You’ve quit drinking. Congrats! But how will you make friends now that you are sober?
As a 20-year-old college student, my decision to get sober was terrifying for a number of reasons. But at the top of that list was one major fear: What was going to happen to my friendships?
I won’t sugarcoat it—if you decide to stop drinking, it will likely affect some of the relationships in your life. You’ll realize there were certain people you had thought you were friends with, but they were actually just drinking buddies. It’s never fun to move on from people, but in recovery, it’s sometimes necessary.
But don’t fret. The good news is that there are plenty of ways to connect with people like you, people who have also decided that life in recovery is the way to go, and with people not in recovery for whom drinking is not an important part of life. Here are just a few of the ways I’ve connected with such people in the past eleven years of sobriety.
1. Join online support groups.
There are a lot of online support groups out there, even on social media platforms like Facebook. Some groups you can join freely, and others you need to be approved which can take a little time. These groups provide such good resources and a sense of belonging, which you often need in the beginning stages of sobriety. These groups can lead you to connect with other sober people, who you may have never crossed paths with otherwise. Over time, you’ll likely find yourself forming friendships with these people. There are a number of sober women I met online who I have become good friends with and met in real life. They understand the struggles of recovery and we walk through it together. If you’re a member of Workit Health, there are online support groups just for members, but there are bunches of options out there, available to everyone.
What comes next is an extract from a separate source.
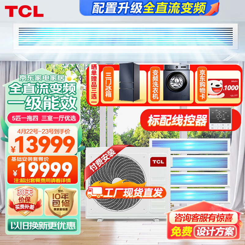 TCL中央空调5匹一拖四家用多联机 新一级能效全直流变频 风管机嵌入式空调 三室一厅 TMV-Vd120W/N1-D价格:15799.00元!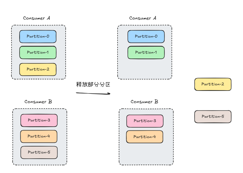 - ConsumerA 和 ConsumerB 不会释放所有分区,而是部分释放。

I know this one is hard for some people, so it’s not a must. But when you open up to the people in your life, you’ll be surprised at how many people come forward and say, “Me, too.” Alcoholism and substance use disorders aren’t as uncommon as you might think. Many people have struggled with them, and chances are there are people already in your life who have as well. If you are open about your journey, it gives them the chance to reach out and allows you to form a stronger friendship.
3. Attend recovery meetings.
Yes, this can be one of the scariest parts of early recovery for some people. And the truth is that recovery meetings are not a fit for everyone. But there’s no harm in giving it a chance. If it is a good fit, you’ll likely meet many people on the same recovery path as you. You may find that recovery is all you have in common, or that you have recovery plus many other things in common. Either way, having recovery in common is a good foundation to build a friendship upon. Here’s a very incomplete list of recovery communities out there:
- 12-Step Groups
- Non-12-Step Groups
4. Utilize social media
This sounds like a weird way to meet friends, but I’ve actually connected with many sober peers by using hashtags on Instagram. When you search #sobriety or #recovery on Instagram, many posts and accounts come up. Follow them. Interact with them. You just may build an online support system, which could evolve into a friendship. Social media is a great tool for not only sharing your own story, but being able to hear and partake in other people’s stories. There are also a wide range of Facebook communities that focus on recovery and a bunch of sober creators on TikTok. And Sober Grid is an app and social media platform just for people in recovery.
5. Sign up for online recovery coaching programs.
There are quite a few out there. These groups provide you with the necessary tools for recovery while also connecting you with sober peers as a support system. Many times the people in these courses grow close due to the sensitive nature of the topics discussed. Often, there are Facebook groups or online meetings created for course members as well, to stay in contact during the course and even after it’s ended.
6. Look for sober groups
As a newly sober person, it can feel like every group and activity in the world revolves around drinking or using. But there are actually a lot that don’t, and many that are explicitly for people in recovery. Try searching for sober Meetup groups in your area. Or you can look for activities that—while not being explicitly recovery-based—don’t usually include drinking or drugs. This could include adult classes (like the arts and crafts classes offered through a lot of cities), yoga groups, gaming clubs, and book clubs that meet in libraries or coffee shops (so are less likely to include wine).
Of course, there are other ways to connect with sober peers, too. These are just a few that have been the most effective in my own journey, especially when it comes to connecting with other young, sober people. Everyone’s journey is different, but it’s likely that connecting with others who have been where you are will make the journey a little brighter.